%%
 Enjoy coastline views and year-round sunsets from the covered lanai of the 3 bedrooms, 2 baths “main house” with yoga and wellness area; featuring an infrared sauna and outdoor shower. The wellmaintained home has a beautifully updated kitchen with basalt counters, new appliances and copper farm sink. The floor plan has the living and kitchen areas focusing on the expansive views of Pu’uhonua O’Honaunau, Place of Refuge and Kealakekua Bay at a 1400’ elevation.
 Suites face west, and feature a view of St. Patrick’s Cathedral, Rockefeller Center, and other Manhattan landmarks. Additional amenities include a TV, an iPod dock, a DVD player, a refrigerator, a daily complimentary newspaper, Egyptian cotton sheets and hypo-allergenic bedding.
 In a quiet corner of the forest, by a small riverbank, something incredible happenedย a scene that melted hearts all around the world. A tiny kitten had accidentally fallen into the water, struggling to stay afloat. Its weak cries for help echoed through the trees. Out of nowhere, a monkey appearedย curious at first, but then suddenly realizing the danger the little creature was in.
%%
%%
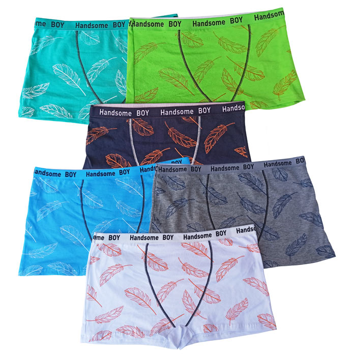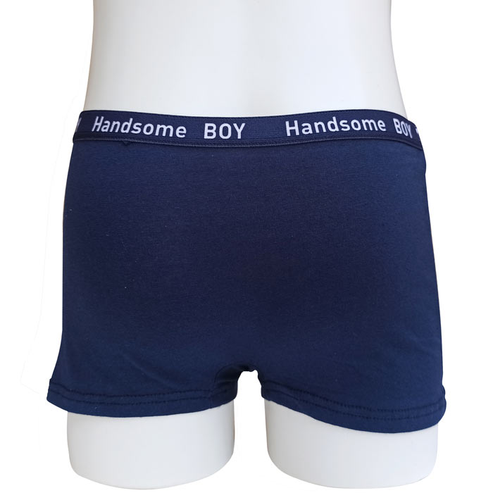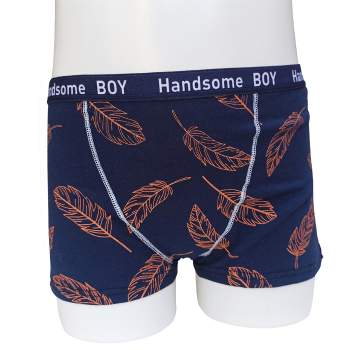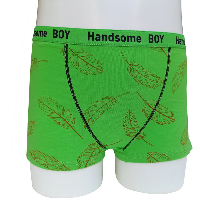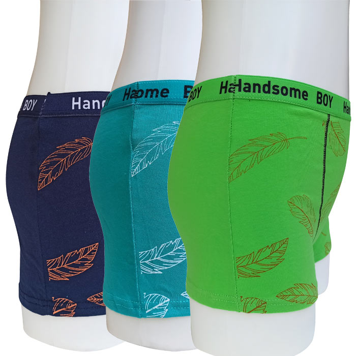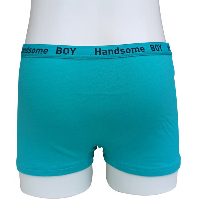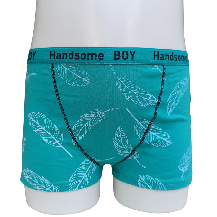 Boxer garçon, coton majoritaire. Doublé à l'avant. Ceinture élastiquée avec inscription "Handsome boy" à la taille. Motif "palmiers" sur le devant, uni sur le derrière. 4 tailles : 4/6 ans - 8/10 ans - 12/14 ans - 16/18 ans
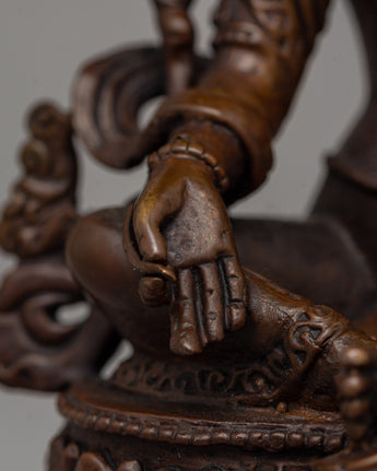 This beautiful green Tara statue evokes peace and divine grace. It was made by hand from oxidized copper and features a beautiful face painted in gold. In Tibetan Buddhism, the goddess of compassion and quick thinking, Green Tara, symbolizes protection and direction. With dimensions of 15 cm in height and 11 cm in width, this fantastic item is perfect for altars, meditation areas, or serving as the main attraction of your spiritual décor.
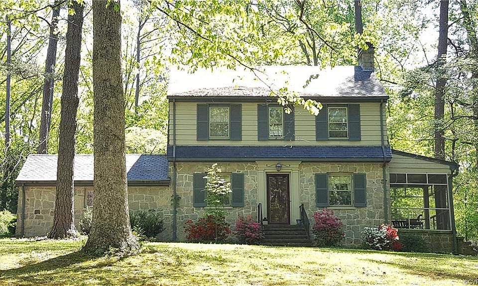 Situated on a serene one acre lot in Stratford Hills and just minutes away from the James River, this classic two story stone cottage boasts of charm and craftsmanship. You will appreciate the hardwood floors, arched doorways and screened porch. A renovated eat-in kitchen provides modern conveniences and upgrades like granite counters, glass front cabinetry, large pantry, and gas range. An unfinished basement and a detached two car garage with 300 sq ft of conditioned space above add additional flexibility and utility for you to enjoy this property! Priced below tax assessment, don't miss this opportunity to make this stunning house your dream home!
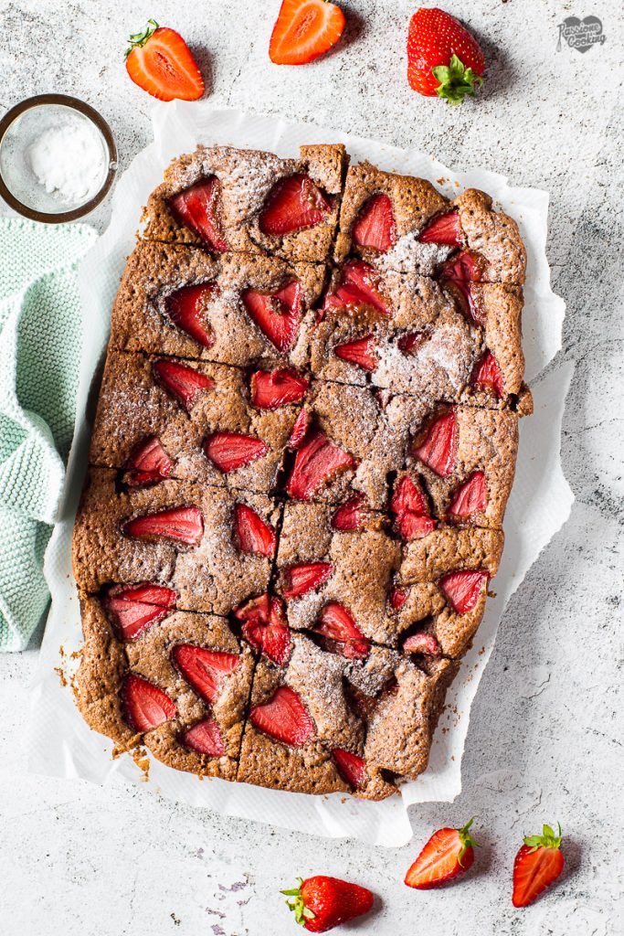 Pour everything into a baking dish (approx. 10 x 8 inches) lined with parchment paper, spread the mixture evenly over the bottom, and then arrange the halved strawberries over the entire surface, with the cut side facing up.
%%
%%
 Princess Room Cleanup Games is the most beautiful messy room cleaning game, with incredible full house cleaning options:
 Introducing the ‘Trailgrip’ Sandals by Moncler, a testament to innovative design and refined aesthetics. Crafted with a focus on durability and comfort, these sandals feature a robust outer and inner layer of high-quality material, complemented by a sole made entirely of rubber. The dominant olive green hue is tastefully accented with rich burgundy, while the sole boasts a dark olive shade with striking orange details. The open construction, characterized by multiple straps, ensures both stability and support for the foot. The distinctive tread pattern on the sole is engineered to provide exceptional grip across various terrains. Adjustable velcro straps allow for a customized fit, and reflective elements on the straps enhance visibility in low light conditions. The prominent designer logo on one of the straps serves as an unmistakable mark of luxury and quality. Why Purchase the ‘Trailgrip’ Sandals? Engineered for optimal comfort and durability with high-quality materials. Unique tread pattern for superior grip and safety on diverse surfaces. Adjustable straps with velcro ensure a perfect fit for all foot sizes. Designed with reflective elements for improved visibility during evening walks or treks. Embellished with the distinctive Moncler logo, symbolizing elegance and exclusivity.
%%
▸ **EXERCISE OBJECTIVE**
Your answer should be the lines above, word for word, from the line with "Boxer garçon, coton" through the line with "Pour everything into", minus the pictures.

▸ **SOLUTION**
 Boxer garçon, coton majoritaire. Doublé à l'avant. Ceinture élastiquée avec inscription "Handsome boy" à la taille. Motif "palmiers" sur le devant, uni sur le derrière. 4 tailles : 4/6 ans - 8/10 ans - 12/14 ans - 16/18 ans
 This beautiful green Tara statue evokes peace and divine grace. It was made by hand from oxidized copper and features a beautiful face painted in gold. In Tibetan Buddhism, the goddess of compassion and quick thinking, Green Tara, symbolizes protection and direction. With dimensions of 15 cm in height and 11 cm in width, this fantastic item is perfect for altars, meditation areas, or serving as the main attraction of your spiritual décor.
 Situated on a serene one acre lot in Stratford Hills and just minutes away from the James River, this classic two story stone cottage boasts of charm and craftsmanship. You will appreciate the hardwood floors, arched doorways and screened porch. A renovated eat-in kitchen provides modern conveniences and upgrades like granite counters, glass front cabinetry, large pantry, and gas range. An unfinished basement and a detached two car garage with 300 sq ft of conditioned space above add additional flexibility and utility for you to enjoy this property! Priced below tax assessment, don't miss this opportunity to make this stunning house your dream home!
 Pour everything into a baking dish (approx. 10 x 8 inches) lined with parchment paper, spread the mixture evenly over the bottom, and then arrange the halved strawberries over the entire surface, with the cut side facing up.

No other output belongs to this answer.